Two Penn State Faculty Win Guggenheim Awards

May 14, 2003

University Park, Pa. --- Dr. Robert N. Proctor, the Ferree Professor of the History of Science, and Dr. Matthew Restall, associate professor of Latin American history, women's studies and anthropology, were selected as Guggenheim Fellows for 2003.

The John Simon Guggenheim Memorial Foundation selects Fellows on the basis of their unusually distinguished achievements and their exceptional promise for future accomplishments. From a pool of 3,200 applicants, 184 scientists and scholars were selected for the current year.

Also co-director, of the Science, Medicine and Technology in Culture Initiative, Proctor will travel to Kenya, Tanzania, France, and several parts of Asia this fall for research on his project, "The Acheulean Enigma: Handaxes and Human Origins." The handaxe has become a near-iconic archaeological constant, having played a crucial role in the discovery of human "prehistory" circa 150 years ago. He will investigate how these mysterious artifacts have come to play such a central role in our imaginations of human origins, figuring also as signs for how we used to eat or talk or live in harmony or at war.

With the support of the grant, Proctor plans to explore how conjectures about handaxe function have changed over time, from the earliest references (and images) to the present. The largest part of his research will be to explore how views of Acheulean artifacts have changed in recent decades, and how political and ethical considerations have affected those views.

"On the surface, it's a departure of sorts for me," Proctor says. His past work has considered the history of cancer research, Nazi medicine, agates, and tobacco. "But Alan Walker and Pat Shipman -- both paleontologists on the faculty of the College's bioanthropology program-- have stimulated me into thinking about a range of new projects I now want to pursue."

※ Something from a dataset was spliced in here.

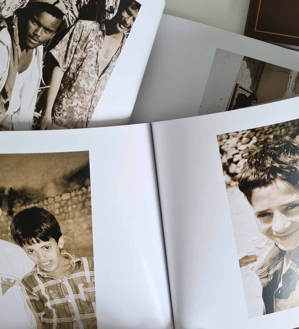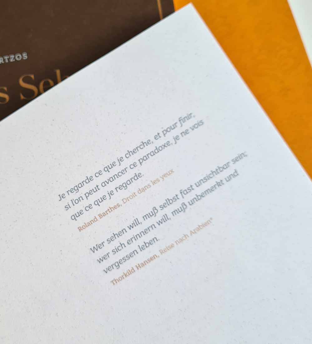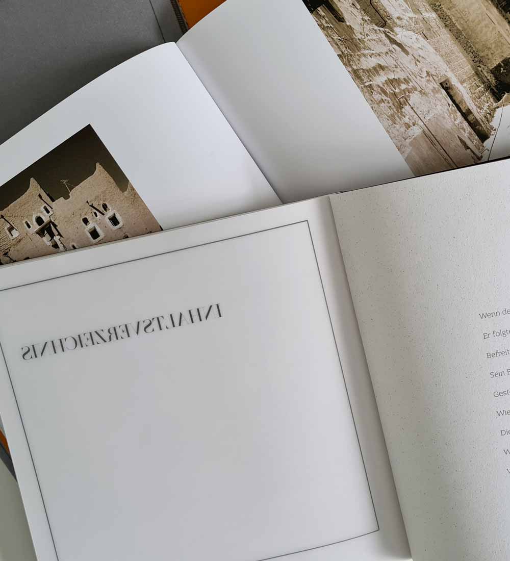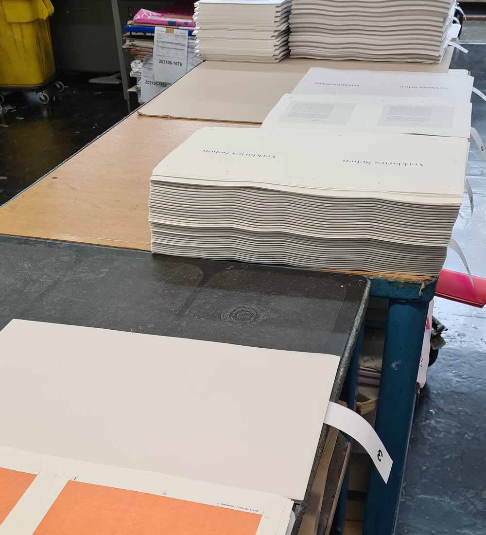Den Katalog habe ich final persönlich im Digitaldruck gedruckt. In der Bildergalerie ist zu sehen, wie aufwändig die Produktion war, bedingt dadurch, dass der Inhalt aus drei verschiedenen Papiersorten bestand, die an unterschiedlichen Stellen nach dem Druck händisch wieder zusammengetragen werden mussten – bevor der Buchbinder die Exemplare weiterverarbeiten bzw. daraus eine Klebebindung erstellt werden konnte.

A persistent interest in the political maneuvering and philosophical debates that lie behind scientific study has long characterized Proctor's work. While the surface concerns change from time to time, the Penn State professor seeks understanding about "the 'political' or 'moral history of science'-how cultural values influence scientific priorities and practices."

With regards to handaxes, he is seeking to better understand the nature and function of the tools, and why it has been so hard to establish consistent interpretations of the tools. He is also interested, though, in their status as modern cultural artifacts: as objects of dispute or for sale on E-bay, with certain forms of clichéd display in museums, even the ethical limits on their transit-the "whole picture," as he says.

Restall is also working on a vast study of interpretation of a more recent era. He has spent the last decade gathering material for his next book, "The Black Middle: Slavery, Society, and African-Maya Relations in Colonial Yucatan," and the Guggenheim grant will give him time to complete his research. His work will help historians and others understand another facet of the experiences that people of African descent had in the Americas.

"People claimed there weren't many African slaves there, but I came across evidence suggesting that was not the case," Restall says. "Then, I discovered that there were almost as many Africans as Spaniards at the beginning of the colonization of the peninsula. By the end of the Colonial period, there were as many people of mixed descent-Afro-Yucatecans, my own term-as there were Spaniards."

Restall is reconstructing their lives, getting to their voices and revealing actual documents of Afro-Yucatecans being interviewed and interrogated by colonial officials to tell their versions of life stories. For example, the Penn State researcher relates the tale of a slave who escaped from an English logging settlement in Belize, bordering on the Yucatan Peninsula. The slave had been born in Africa and was sold in Jamaica. After working in Jamaica, he was then sold to an owner in Belize. At the time he was there, he learned of a law issued by the Spanish crown, which said that any slave escaping from the British to a Spanish colony would be given sanctuary. The law was part of the various political and military maneuvering which competing colonial interests used at the time against one another. However, when the man crossed into the Spanish colony, he learned quickly that the law had been rescinded some years before. The man, as well as the few others who escaped with him, was shipped off to Havanna as property of the Spanish crown.

The example paints a complex picture of slave existence in the colonies, revealing the nationalistic rivalries at work, the laws and rumors to which many clung for hope, the passage of individuals through the colonies, and more. The story is only one of many narratives Restall has unearthed and documented.

The John Simon Guggenheim Memorial Foundation was established in 1925 by U.S. Sen. Simon Guggenheim and his wife Olga as a memorial to a son who died in 1922. The foundation offers Fellowships to further the development of scholars and artists by assisting them to engage in research in any field of knowledge and creation in any of the arts, under the freest possible conditions.